▶ TASK:
Each line below from the "výtisku: ranní vydání;" line through the "imageTstars Construction 2nd" line, those two included, must be restated word for word; the pictures must not be.

▶ GIVEN DATA:
⟨

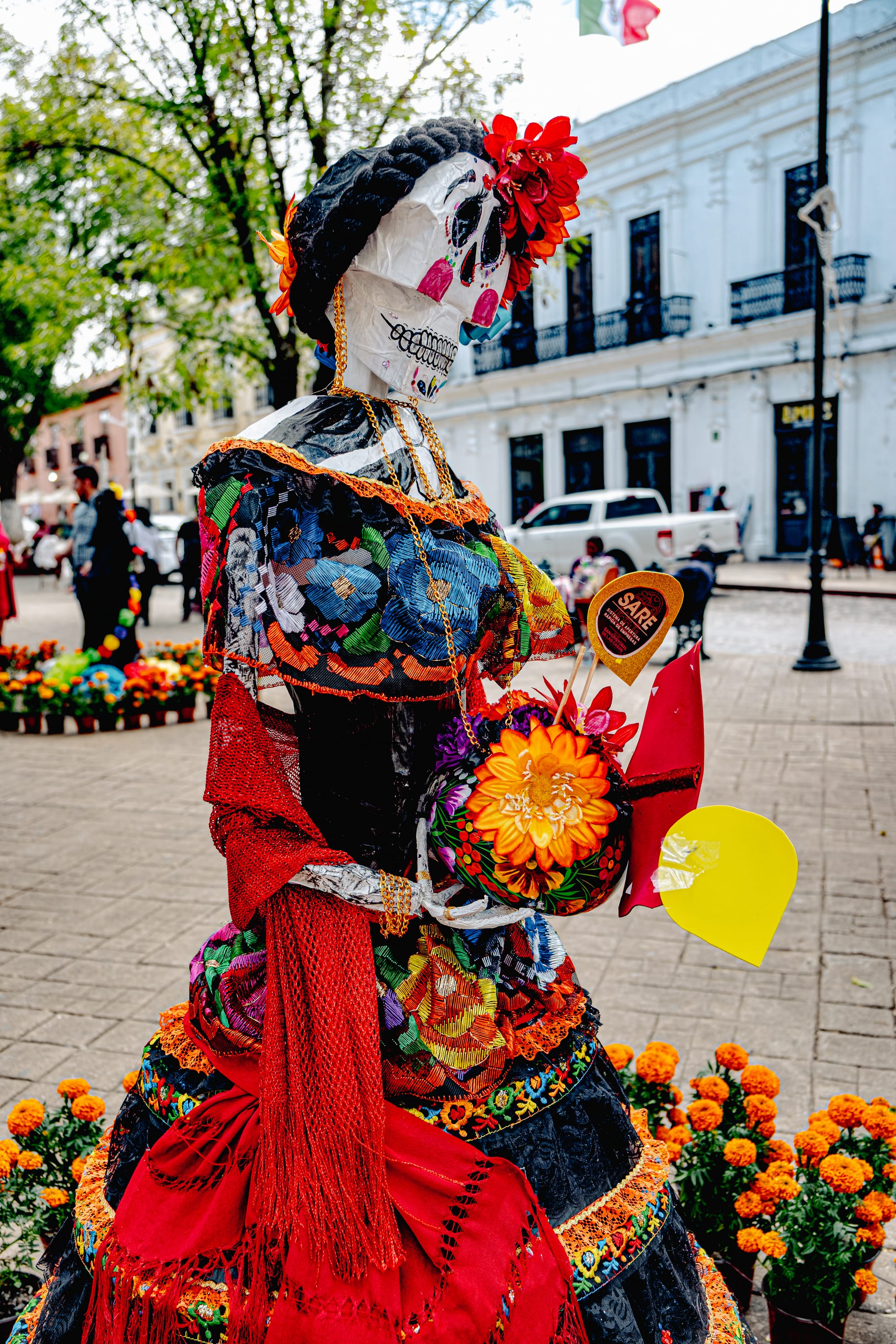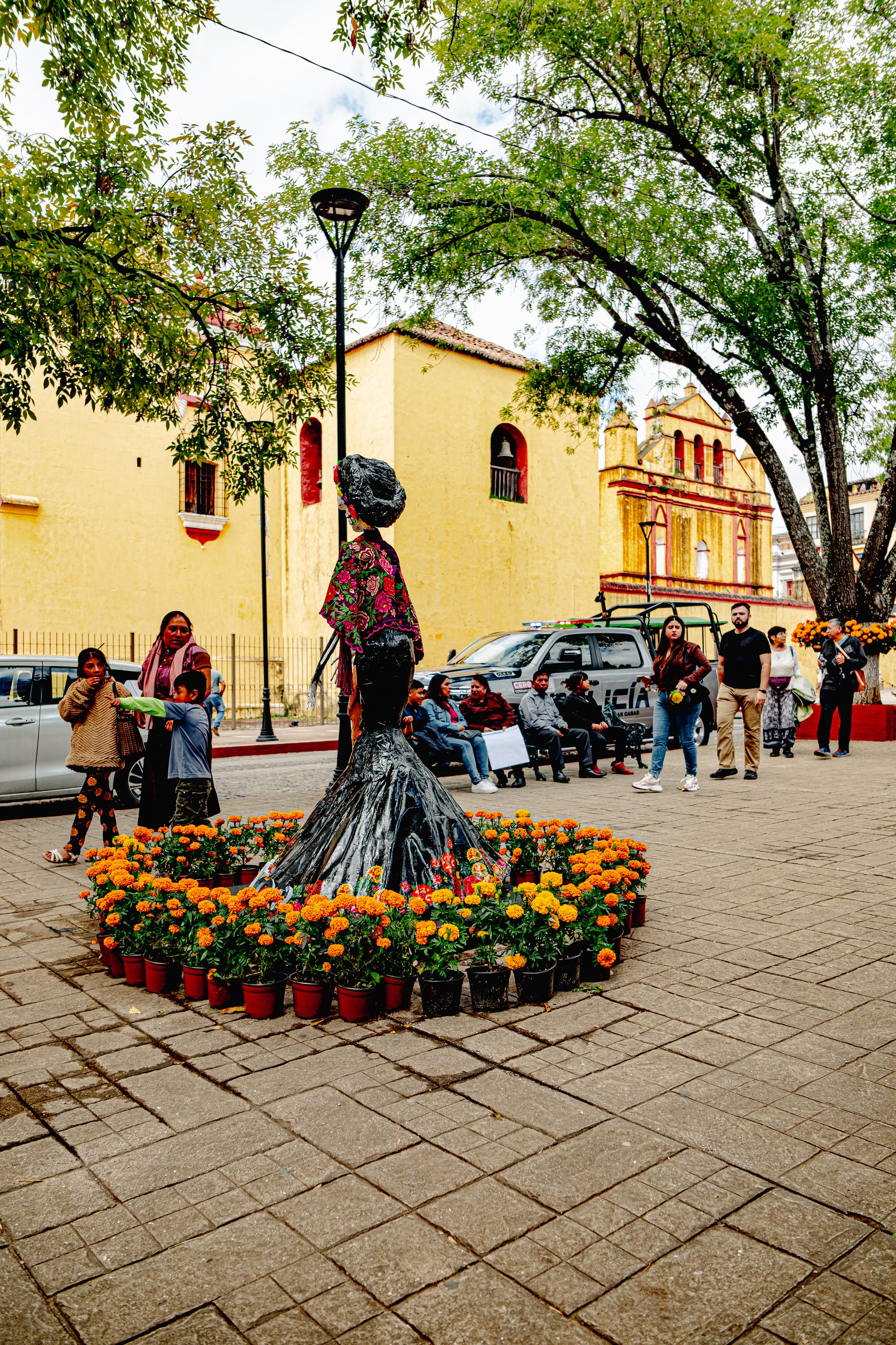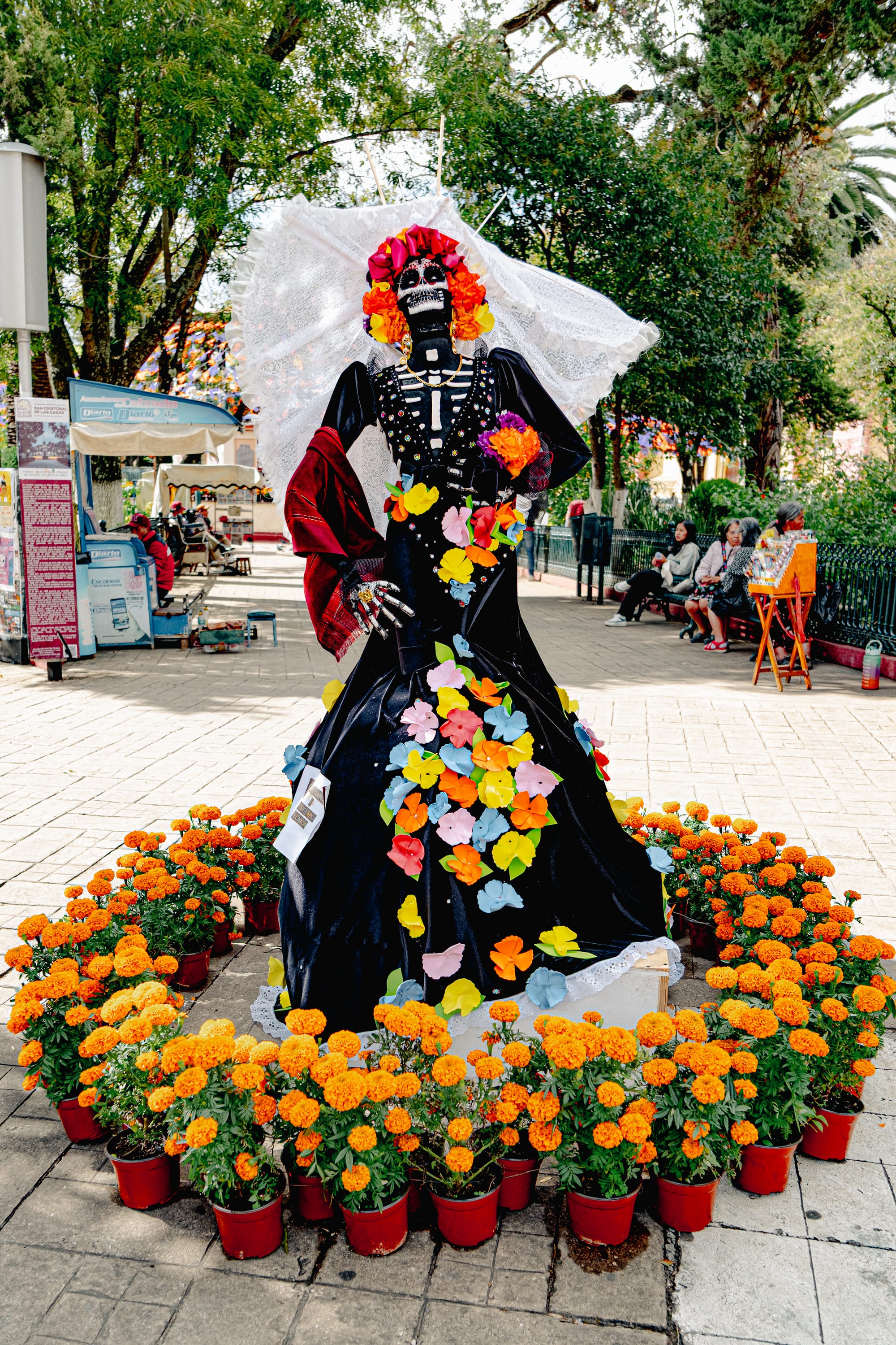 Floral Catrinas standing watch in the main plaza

⟩
⟨

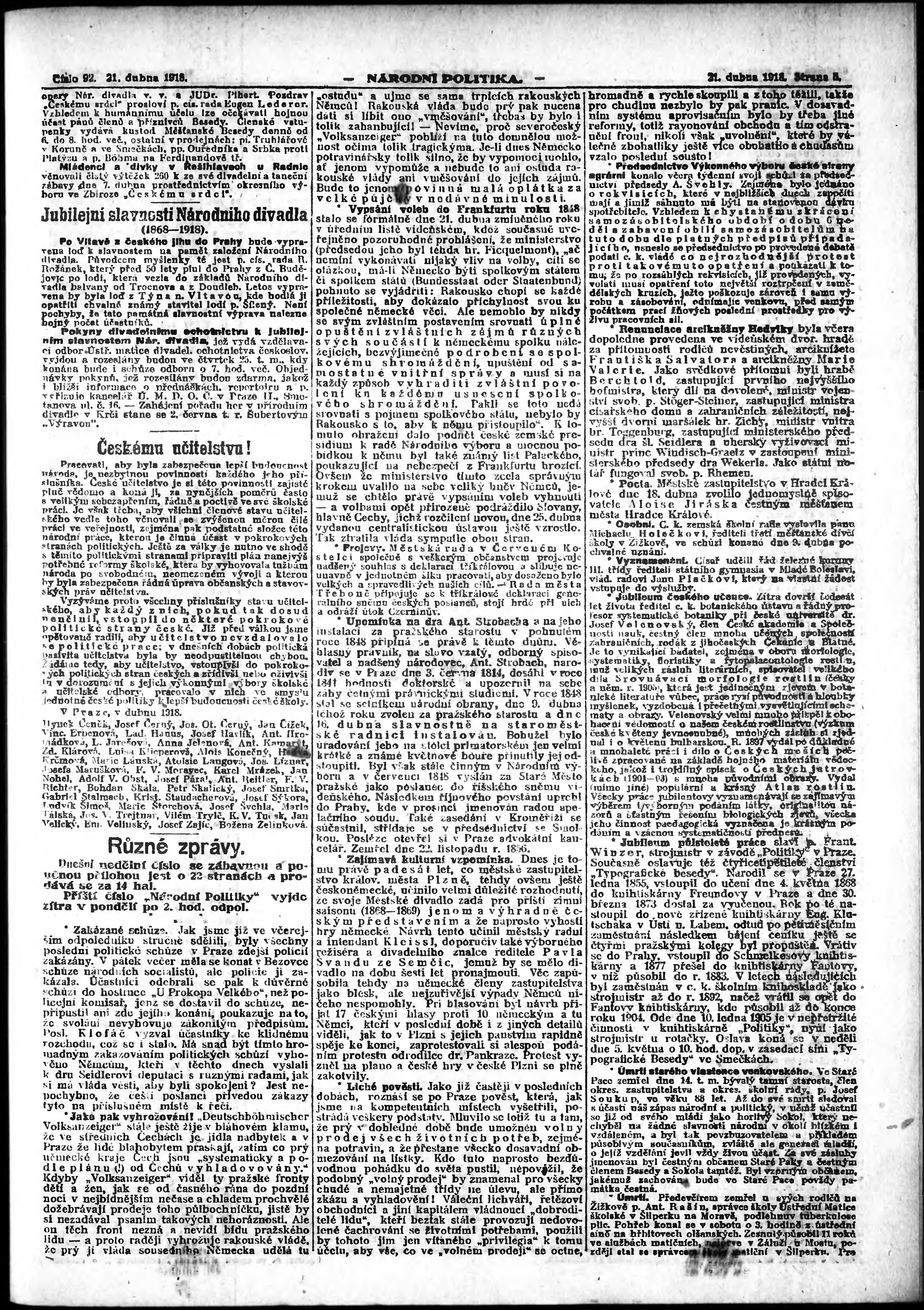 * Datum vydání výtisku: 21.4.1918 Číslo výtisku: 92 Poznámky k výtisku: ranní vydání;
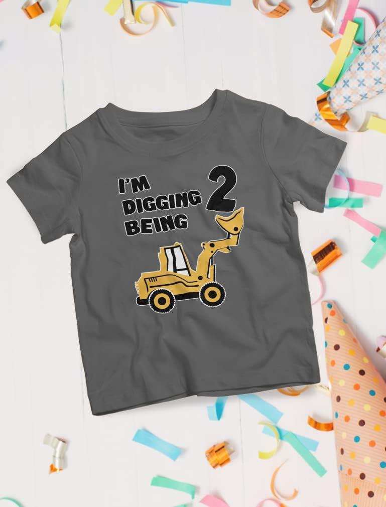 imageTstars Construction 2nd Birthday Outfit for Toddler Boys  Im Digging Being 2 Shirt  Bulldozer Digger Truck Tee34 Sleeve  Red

⟩

▶ OUTPUT FOR THIS EXERCISE:
 * Datum vydání výtisku: 21.4.1918 Číslo výtisku: 92 Poznámky k výtisku: ranní vydání;
 imageTstars Construction 2nd Birthday Outfit for Toddler Boys  Im Digging Being 2 Shirt  Bulldozer Digger Truck Tee34 Sleeve  Red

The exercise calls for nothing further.